In the first quarter of 2011, FDI which reached US$ 4.79 billion already exceeded portfolio investment, which totaled only US$ 4.11 billion. In the second quarter, however, the gap was wider with FDI rising only to US$ 5.25 billion as against portfolio investment climbing higher to US$ 6.28 billion.
The favorable economic condition and good business prospects are strong magnets for FDI. Foreign capital has continued to flood the country attracted by strong economic fundamentals and high investment return.
In the second quarter of 2011, foreign capital invested in shares and sovereign bonds reached US$ 6.3 billion including.
Increase in FDI in Indonesia is shown in the figures of foreign investment (PMA) project implementation as reported by BKPM. Since 2007, increase has been recorded in the implementation of PMA projects in the country with a decline recorded only in 2009 when the global financial crisis was at its worst. In 2010, the growth was recorded again when most countries were still haunted by the impact of the crisis. The country's economy expanded by 6.3% in 2010.
Bawono Kumoro, a researcher from The Habibie Center, an economic and political think tank, said another factor giving greater optimism to Indonesia is the rapid growth of the country's middle class in the past five years. The middle class has been one of the biggest drivers of the country's economic growth. The middle class' consumption accounted for 70% of the economic growth.
The latest report of the World Bank, "Global Development Horizons 2011 Multipolarity: The New Global Economy," placed Indonesia in the ranks of world's economic growth drivers until 2015 together with Brazil, China, India, South Korea and Russia. The World Bank said six new economic powers would contribute more than 50% to the world's economic growth.
The growth drivers of the six economies are not the same. China and South Korea are driven by high exports; Brazil and Indonesia are driven mainly by strong consumption, which is attributable mainly to the middle class.
World Bank's chief economist Mansoor Dailami said consumption sector grew with the growing middle class in developing nations. Dailami said developing economies have contributed more significantly to the world's economic growth.

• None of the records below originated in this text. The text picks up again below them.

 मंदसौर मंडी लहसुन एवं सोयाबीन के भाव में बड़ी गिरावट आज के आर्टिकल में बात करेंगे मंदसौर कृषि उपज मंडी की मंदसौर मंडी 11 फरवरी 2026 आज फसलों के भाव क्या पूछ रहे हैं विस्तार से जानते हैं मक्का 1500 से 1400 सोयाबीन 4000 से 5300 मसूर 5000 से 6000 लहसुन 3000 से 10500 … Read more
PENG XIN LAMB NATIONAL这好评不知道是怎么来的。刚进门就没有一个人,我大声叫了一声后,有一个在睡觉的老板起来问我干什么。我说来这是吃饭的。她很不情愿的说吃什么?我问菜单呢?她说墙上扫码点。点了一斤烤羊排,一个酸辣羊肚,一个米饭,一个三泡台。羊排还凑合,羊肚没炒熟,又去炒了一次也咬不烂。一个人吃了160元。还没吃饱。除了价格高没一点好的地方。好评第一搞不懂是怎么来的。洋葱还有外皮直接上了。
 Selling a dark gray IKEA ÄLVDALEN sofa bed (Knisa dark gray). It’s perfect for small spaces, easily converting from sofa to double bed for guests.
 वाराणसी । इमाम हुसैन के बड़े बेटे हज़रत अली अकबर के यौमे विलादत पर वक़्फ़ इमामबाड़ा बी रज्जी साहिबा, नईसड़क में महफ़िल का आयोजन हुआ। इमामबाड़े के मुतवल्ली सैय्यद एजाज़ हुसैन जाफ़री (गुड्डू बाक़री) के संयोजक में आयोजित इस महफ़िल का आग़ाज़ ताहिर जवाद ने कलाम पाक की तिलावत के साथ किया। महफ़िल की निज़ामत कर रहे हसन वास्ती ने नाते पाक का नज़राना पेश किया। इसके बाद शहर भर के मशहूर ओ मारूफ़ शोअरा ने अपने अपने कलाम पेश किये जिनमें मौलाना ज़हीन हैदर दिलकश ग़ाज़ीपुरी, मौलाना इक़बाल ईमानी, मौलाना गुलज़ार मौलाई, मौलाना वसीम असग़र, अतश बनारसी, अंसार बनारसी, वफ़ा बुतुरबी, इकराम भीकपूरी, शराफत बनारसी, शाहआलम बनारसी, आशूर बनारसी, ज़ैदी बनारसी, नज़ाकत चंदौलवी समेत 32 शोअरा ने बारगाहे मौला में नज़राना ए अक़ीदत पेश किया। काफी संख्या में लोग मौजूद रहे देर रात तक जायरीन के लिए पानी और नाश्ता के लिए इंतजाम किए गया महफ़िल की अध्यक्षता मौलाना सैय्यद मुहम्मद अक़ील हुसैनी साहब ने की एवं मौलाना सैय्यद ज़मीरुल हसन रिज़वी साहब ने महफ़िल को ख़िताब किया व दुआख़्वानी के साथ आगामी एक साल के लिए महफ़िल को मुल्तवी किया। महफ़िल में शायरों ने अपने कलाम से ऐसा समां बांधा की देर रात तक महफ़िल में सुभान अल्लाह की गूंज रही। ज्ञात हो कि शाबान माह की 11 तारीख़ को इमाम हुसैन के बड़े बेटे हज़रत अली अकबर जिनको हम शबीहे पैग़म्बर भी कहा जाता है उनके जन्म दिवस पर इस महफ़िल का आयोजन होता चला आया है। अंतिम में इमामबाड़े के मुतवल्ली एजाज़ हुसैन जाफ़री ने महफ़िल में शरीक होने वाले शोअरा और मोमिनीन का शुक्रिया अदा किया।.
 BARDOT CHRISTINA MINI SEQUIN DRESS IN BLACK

Countries having population dominated by young and more productive middle class will have higher level of consumption than those with population dominated by old and less productive people. Middle class grows faster in Indonesia compared to many other countries. Based on data at the World Bank, in 2003, middle class people made up 37.7% of the Indonesian population. In 2010, the percentage rose to 56.6% or 134 million.
The country, however, still has a lot of hurdles to be removed to remain on the right track to go through the year 2012 with another strong growth of at least 6%. The global crisis is not yet over; it is still a potential threat. Weak Europe means weak demand for the country's commodities in that region.
Overheating that could trigger high inflation, is also a threat if the government does not maintain prudence in the economic management. High FDI will increase demand from the industrial and consumption sectors. Limited production capacity is feared to cause imbalance between supply and demand in the domestic market.
However, a number of agencies including Bank Indonesia dismissed fear overheating saying the country's economic growth is not even up to 7% yet.
Bank Indonesia said credit growth of 25%-26% in 2011 would not cause an economic bubble. It is normal that credits grew above 20% in an economy that expands 6%, it said. The central bank also said the cut in its key rate to 6% would not immediately result in fall in the lending rate and a surge in credits.
With the relatively good performance amid the global uncertainties in the past few years, Indonesia has strong reason to be optimistic in entering the year 2012.